En Nueva York, después de la muerte de mi hermano carnal, largas conversaciones con Frédéric-Yves Jeannet, hermano por elección. Unidos por la admiración común a Jean-Arthur Rimbaud y el suicidio de nuestros padres, la nueva herida causada por la decisión de Ignacio nos obligaba, necesariamente, a reinventar la vida, como exigió el maestro. «Yo no puedo pensar en suicidarme, porque a mí ya me lo hicieron antes». Frédéric lo dice plenamente convencido, él que ha resistido embates de la Oscura Señora y ya rebasó la edad de los 37 años que tenía su padre cuando abandonó este mundo.
     Los hijos de suicida vivimos con una espada encima. Nos indican una ruta de salida. Nuestro doble trabajo consiste en explorar otros senderos. En el cuento «Hansel y Gretel», de los hermanos Grimm, los niños perdidos en el bosque logran volver a casa gracias a la previsión de haber señalado el camino con piedras. La segunda vez no pueden reconstruirlo porque los trozos de pan esparcidos para marcar el regreso han sido comidos por los pájaros. Aunque no se lo proponga, el suicida traza para los suyos un camino. Los sobrevivientes lo reconstruyen, acaso también sin proponérselo; al mismo tiempo buscan y propician la llegada de pájaros del alma que borren los indicios del sendero que conduce al encuentro fatal con el espejo: no el que refleja lo que somos, o lo que creemos ser, sino el que pierde la batalla contra la mitad siniestra que acabará con nosotros, ese Señor Hyde embrutecido por el miedo y la impotencia ante una vida que no tiene otro remedio que aniquilar.
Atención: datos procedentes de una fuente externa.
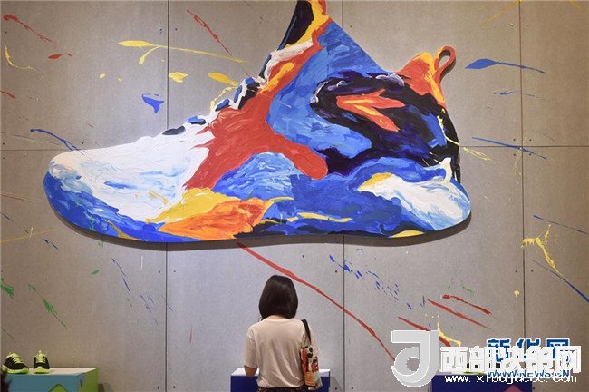 在一年一度的中國(晉江)國際鞋業(yè)暨國際體育產(chǎn)業(yè)博覽會(huì)上,一位客商在了解安踏運(yùn)動(dòng)鞋(2017年4月18日攝)。新華社記者 宋為偉 攝
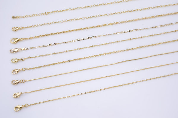 16" 14K DAINTY NECKLACE CHAIN Gold for Layering - Satellite Snake Singapore Figaro Oval Rolo Chain 16" w/ 2-3" extender chain
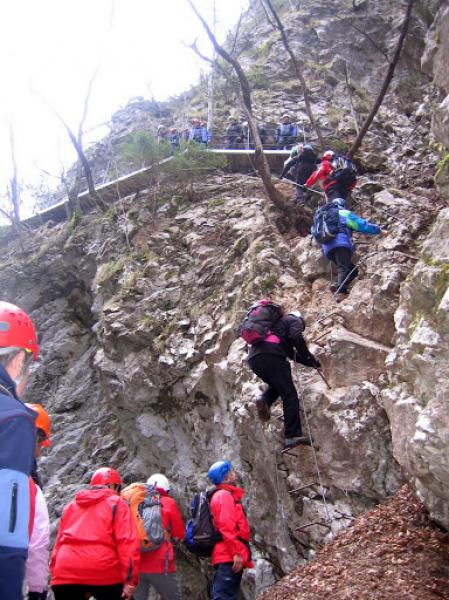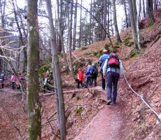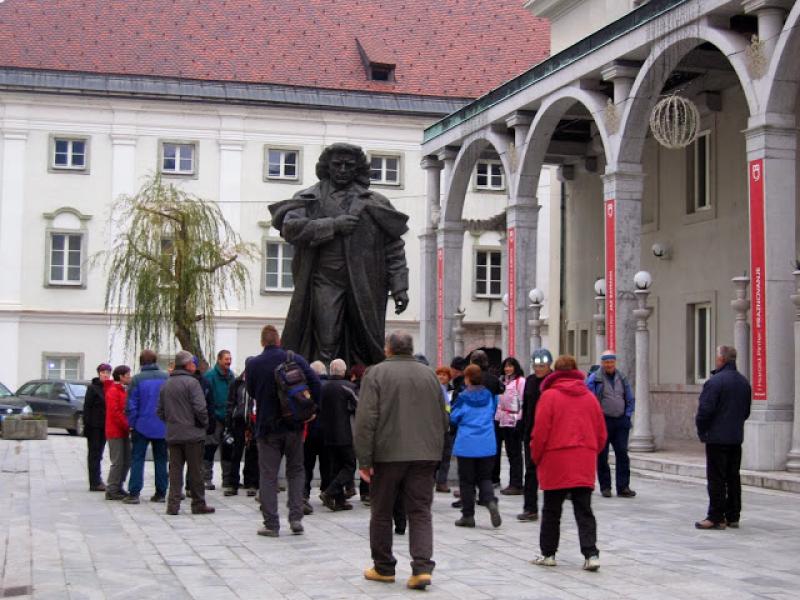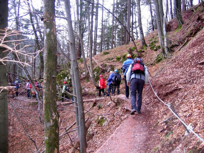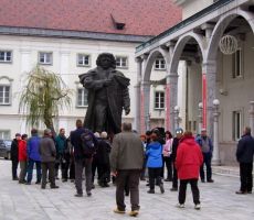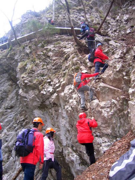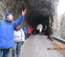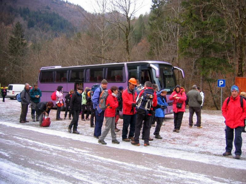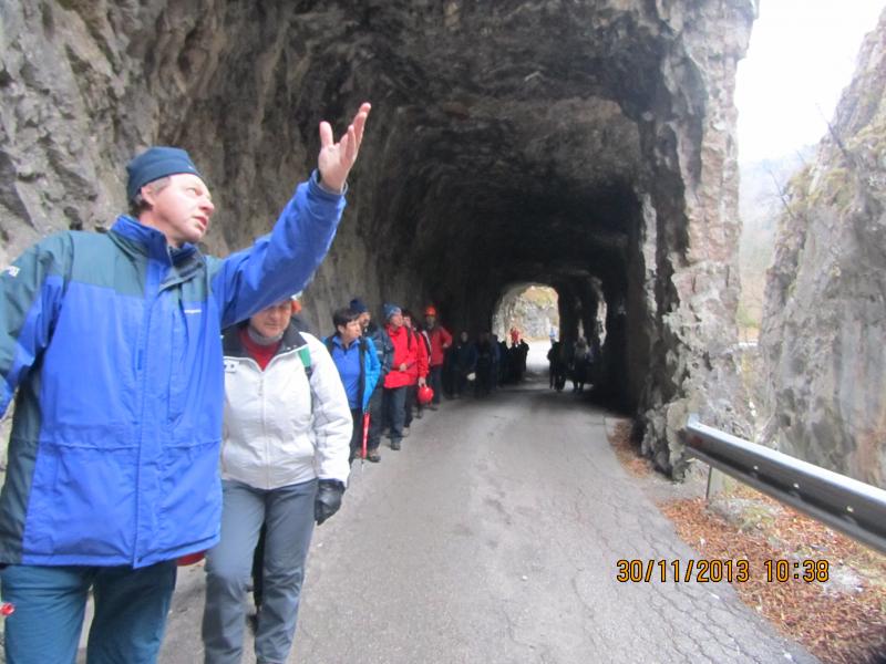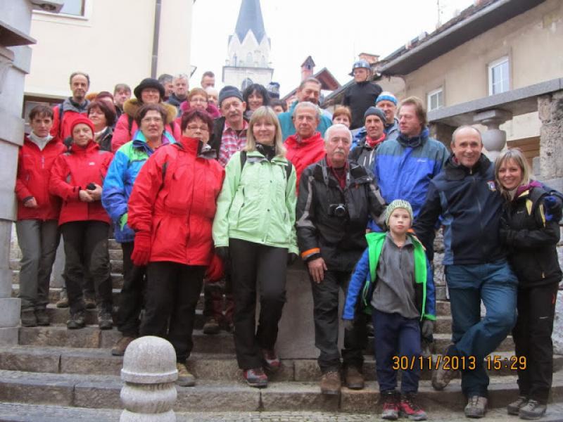 Na zadnji izlet v tem letu, v soboto, 30.11.2013 sta nas Ivan Trampuž in njegov kranjski pomočnik Polde Balažič s pomočjo še dveh kolegov Uroša Škrjanca in Matjaža – njegovega imena si žal nisem uspela zapomniti - popeljala v Dovžanovo sotesko, ki je od leta 1988 zavarovana kot naravni spomenik, in v kranjske rove. Marsikdo se je za izlet odločil, ker še ni bil niti v Dovžanovi soteski niti še nikoli ni slišal za kranjske rove. Jaz pa se bom potrudila ohraniti spomin na ta zanimiv izlet. Delno smo si ogledali ali se peljali skozi dve mesti: Tržič, stisnjen med Kamniško – Savinjske Alpe in Karavanke je dobesedno razpotegnjen vzdolž struge Tržiške Bistrice. Marsikdo ga je doslej poznal le po "šuštarski nedelji" in še to bolj s televizije. Nekoč so vodno moč reke izkoriščali za mline, žage in druge manjše industrijske obrate; nato je mestece postalo znano po čevljarski industriji, danes pa tržiška industrija zaposluje le še maloštevilne ljudi. Naravne lepote pa nudijo možnost za razvoj turizma, je pa dolina tudi izhodišče za planinske ture. Ali ste vedeli, da je slavni maršal Radetzky, ki se je boril proti Napoleonu, imel ženo prav iz Tržiča? Nanj se bomo ponovno spomnili ob novoletnem koncertu!
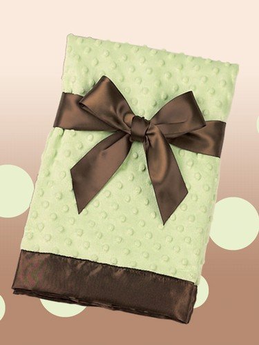Bearington Baby Collection;The front of the blanket features unbelievably soft and plush dottie fabric with satin trim on the edges;The back of the blanket is a soft chocolate satin that matches the trim - what a wonderful baby gift;This baby blanket is a perfect match to the Bearington Baby Giggles collection;This baby blanket is machine washable and has distinct fabric and satin textures that baby will love to rub and snuggle
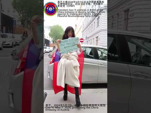高艺要求独裁者习近平停止伤害跨性别女性,高艺主席身披真正的中国国旗(中华民国国旗)抗议共伪中国驻奥地利大使馆,中华和平革命党(CPRP)2024年5月7日
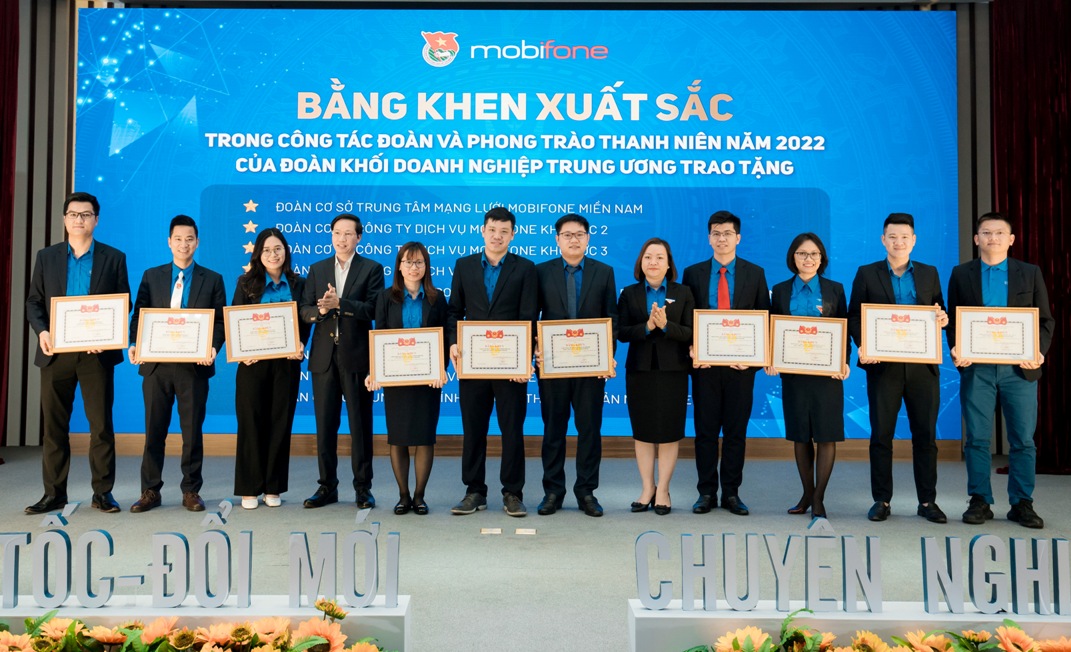 Với những thành tích toàn diện trong năm 2022, Đoàn MobiFone được BTV Đoàn Khối DNTW tặng Cờ thi đua xuất sắc công tác Đoàn và phong trào thanh niên năm 2022; 10 tập thể và 14 cá nhân các cơ sở Đoàn trực thuộc nhận Bằng khen của Đoàn Khối DNTW.
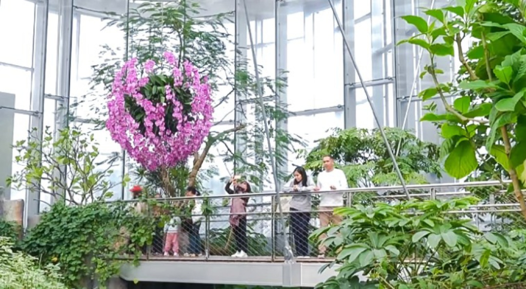 园内两大核心体验点同步走红,掀起假日游园热潮。作为都市登高览胜的绝佳点位,双子山三天内共吸引30348名市民游客登顶,登顶市民游客可将园林雅致美景与陆家嘴摩天楼宇天际线同框的“古今对望”画面尽收眼底。温室展区则成为亲子游、植物爱好者的打卡胜地,三天累计接待市民游客22504人,市民游客在恒温绿意中近距离观赏特色植物,尽享沉浸式自然体验。
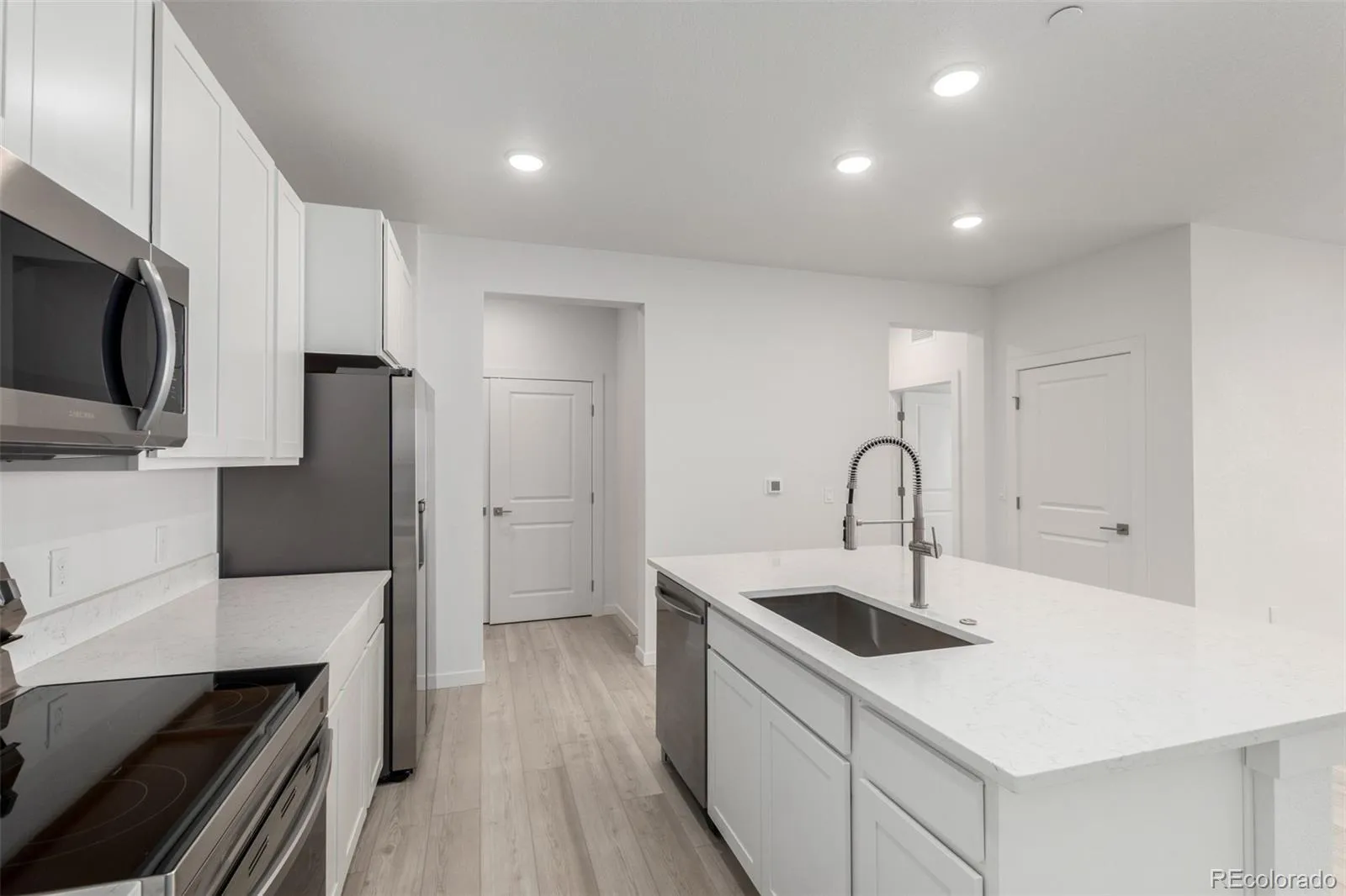 Experience modern living in this top-floor new construction condo in Northeast Denver, built by Lokal Homes. This thoughtfully designed 2-bedroom, 2-bathroom residence offers 1,085 sq. ft. of open-concept living space with stylish finishes, abundant natural light, and a detached garage for secure parking and additional storage. The bright great room flows seamlessly into a contemporary kitchen featuring upgraded white quartz countertops, Kohler fixtures, soft-close cabinetry, and stainless steel Samsung appliances including refrigerator. Luxury vinyl plank flooring extends through the kitchen and main living areas, creating a sleek, low-maintenance space ideal for everyday living and entertaining. Designer lighting, upgraded cabinetry, and modern hardware add a polished feel throughout. The spacious primary suite serves as a private retreat with a generous closet and a well-appointed en-suite bathroom. A second bedroom and full bath provide flexibility for guests, roommates, or a home office. The in-unit stackable washer and dryer closet adds everyday convenience. Located in one of Denver’s fastest-growing areas near the Peña Station light rail corridor, this community offers convenient access to Denver International Airport, I-70, E-470, and downtown Denver. Residents enjoy proximity to GVR Recreation Center, GVR Golf Club, local dining, breweries, parks, and new neighborhood development, including a K-8 school currently under construction nearby. Commuting and travel are effortless with the A-Line train to DIA and Union Station just minutes away. This top-floor condo combines modern design, low-maintenance living, and a prime Denver location, making it a great opportunity for homeowners or investors seeking new construction near DIA and the expanding northeast Denver corridor. Photos shown are of a different home with the same floor plan, views may vary. Ask about special financing incentives available from the builder’s preferred lender.

     Estamos en el piso 29 de un edificio en la calle 83. Debajo de nosotros se despliega la ciudad. Mi padre se arrojó desde un puente ridículamente bajo. De no haber obtenido la gloria y el alivio de la muerte, lo hubiera esperado una humillante invalidez. Abajo palpita la vida y palpita en nosotros. Somos dos mínimos participantes en la gran representación. No somos imprescindibles para el mundo ni primeras figuras, pero en este momento somos los primeros hombres en el mundo. El suicida descubre que es el último hombre sobre la Tierra, pero también, cuando algo muy dentro de sí le dice que el fin de sus dolores ha llegado, tiene un instante de plenitud que lo hace dios y creador de sí mismo, poderoso y omnipotente. Como el escritor cuando logra vencer ese no sé qué que lo mantiene vivo y al que es necesario matar para otorgar la vida.
     La nevada doblemente extraordinaria que cayó entre el 10 y 11 de enero de 1967 en la Ciudad de México está ligada a Ignacio porque nunca lo admiré como entonces. Mi padre nos había enviado a la biblioteca del Museo de Antropología para transcribir unos microfilmes. Ignacio era el caballero y yo su escudero. Como excelente y pulcro mecanógrafo que era, tecleaba mientras yo leía, en un libro barato e invaluable, A Study in Scarlet. Frente a su máquina del tiempo, mi hermano hacía vivos los trabajos y los días de héroes mexicanos. Afuera, Chapultepec nevado era Londres y salíamos, pubertos Holmes y Watson de Anáhuac, a soportar temperaturas inéditas, a convertirnos en pequeñas locomotoras que invadían el aire con su vaho personal, irrepetible. Creo que entonces conocimos verdaderamente la felicidad.
«Manito», nos decíamos, cuando el cariño no conocía barreras ni convenciones, cuando la palabra hermano aún no nos hacía enemigos ni parientes incómodos. Ya no nos dábamos la mano, como en la fotografía infantil, pero cuando emprendíamos nuestras sistemáticas exploraciones por la ciudad, su mano mayor iba en mi hombro, la mía en el de Javier, mi hermano menor. Manito. Caminábamos dueños de la ciudad, queriéndolo todo, necesitando nada. Invencibles.